> TASK OBJECTIVE: Your job is to set down the stretch of entries that opens with the line containing "Lassen Sie sich" and closes with the line containing "Zudem beinhaltet die". Keep both end lines, copy each exactly, and add nothing.

> DATA RECORDS:
::::::

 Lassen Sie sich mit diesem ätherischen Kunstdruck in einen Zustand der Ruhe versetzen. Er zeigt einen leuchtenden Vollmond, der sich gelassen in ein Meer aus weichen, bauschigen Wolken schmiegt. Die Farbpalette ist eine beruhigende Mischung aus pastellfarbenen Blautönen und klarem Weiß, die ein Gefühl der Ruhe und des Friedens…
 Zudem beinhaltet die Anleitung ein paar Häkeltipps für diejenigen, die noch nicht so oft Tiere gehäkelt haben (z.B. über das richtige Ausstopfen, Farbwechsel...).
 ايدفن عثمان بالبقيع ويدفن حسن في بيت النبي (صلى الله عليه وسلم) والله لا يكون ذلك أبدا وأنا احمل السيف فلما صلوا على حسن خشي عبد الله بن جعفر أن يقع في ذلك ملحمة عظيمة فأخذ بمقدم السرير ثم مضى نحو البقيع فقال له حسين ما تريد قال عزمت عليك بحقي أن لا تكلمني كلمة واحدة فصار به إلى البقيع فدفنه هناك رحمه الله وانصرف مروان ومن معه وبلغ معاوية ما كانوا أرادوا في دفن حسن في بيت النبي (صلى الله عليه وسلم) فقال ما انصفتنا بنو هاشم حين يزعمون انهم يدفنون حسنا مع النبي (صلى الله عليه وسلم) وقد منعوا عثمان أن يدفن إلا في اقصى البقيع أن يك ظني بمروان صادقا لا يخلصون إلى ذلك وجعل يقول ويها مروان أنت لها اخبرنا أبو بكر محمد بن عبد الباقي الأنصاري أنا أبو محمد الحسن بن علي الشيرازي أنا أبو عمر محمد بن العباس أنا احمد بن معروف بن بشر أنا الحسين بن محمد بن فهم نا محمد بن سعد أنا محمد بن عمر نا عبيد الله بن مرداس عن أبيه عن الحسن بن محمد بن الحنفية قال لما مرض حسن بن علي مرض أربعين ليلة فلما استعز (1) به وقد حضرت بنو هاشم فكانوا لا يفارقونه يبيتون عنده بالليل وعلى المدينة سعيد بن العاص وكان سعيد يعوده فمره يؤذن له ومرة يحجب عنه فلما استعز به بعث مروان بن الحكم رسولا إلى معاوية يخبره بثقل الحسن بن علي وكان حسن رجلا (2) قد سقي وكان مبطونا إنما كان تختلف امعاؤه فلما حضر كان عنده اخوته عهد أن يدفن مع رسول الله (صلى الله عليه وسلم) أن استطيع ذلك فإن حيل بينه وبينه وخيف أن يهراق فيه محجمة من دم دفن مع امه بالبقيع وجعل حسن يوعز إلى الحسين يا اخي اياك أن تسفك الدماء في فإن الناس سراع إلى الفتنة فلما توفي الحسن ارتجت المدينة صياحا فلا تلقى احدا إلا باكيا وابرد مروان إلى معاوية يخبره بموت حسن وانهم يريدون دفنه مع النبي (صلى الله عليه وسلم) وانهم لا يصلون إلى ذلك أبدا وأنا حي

::::::

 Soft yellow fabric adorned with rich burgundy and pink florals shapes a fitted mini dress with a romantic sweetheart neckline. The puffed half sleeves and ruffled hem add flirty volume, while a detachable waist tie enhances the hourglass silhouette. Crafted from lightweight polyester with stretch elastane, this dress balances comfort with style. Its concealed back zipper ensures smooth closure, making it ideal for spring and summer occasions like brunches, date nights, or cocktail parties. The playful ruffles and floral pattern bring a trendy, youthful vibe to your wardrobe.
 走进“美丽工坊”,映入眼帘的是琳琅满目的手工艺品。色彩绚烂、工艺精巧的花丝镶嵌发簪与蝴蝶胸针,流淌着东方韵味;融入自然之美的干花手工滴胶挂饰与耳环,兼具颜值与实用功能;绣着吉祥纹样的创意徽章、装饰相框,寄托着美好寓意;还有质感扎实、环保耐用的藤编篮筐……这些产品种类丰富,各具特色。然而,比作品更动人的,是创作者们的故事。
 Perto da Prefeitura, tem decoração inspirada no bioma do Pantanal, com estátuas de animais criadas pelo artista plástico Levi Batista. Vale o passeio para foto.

::::::

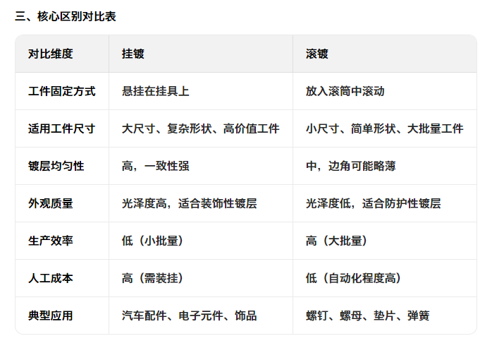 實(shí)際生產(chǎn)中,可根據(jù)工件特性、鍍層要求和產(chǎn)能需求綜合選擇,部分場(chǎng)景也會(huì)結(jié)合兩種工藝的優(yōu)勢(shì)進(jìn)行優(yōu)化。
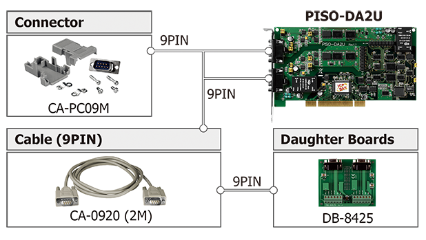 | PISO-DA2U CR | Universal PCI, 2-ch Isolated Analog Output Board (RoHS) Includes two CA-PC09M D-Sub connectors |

::::::

> ANSWER SPACE:
 Lassen Sie sich mit diesem ätherischen Kunstdruck in einen Zustand der Ruhe versetzen. Er zeigt einen leuchtenden Vollmond, der sich gelassen in ein Meer aus weichen, bauschigen Wolken schmiegt. Die Farbpalette ist eine beruhigende Mischung aus pastellfarbenen Blautönen und klarem Weiß, die ein Gefühl der Ruhe und des Friedens…
 Zudem beinhaltet die Anleitung ein paar Häkeltipps für diejenigen, die noch nicht so oft Tiere gehäkelt haben (z.B. über das richtige Ausstopfen, Farbwechsel...).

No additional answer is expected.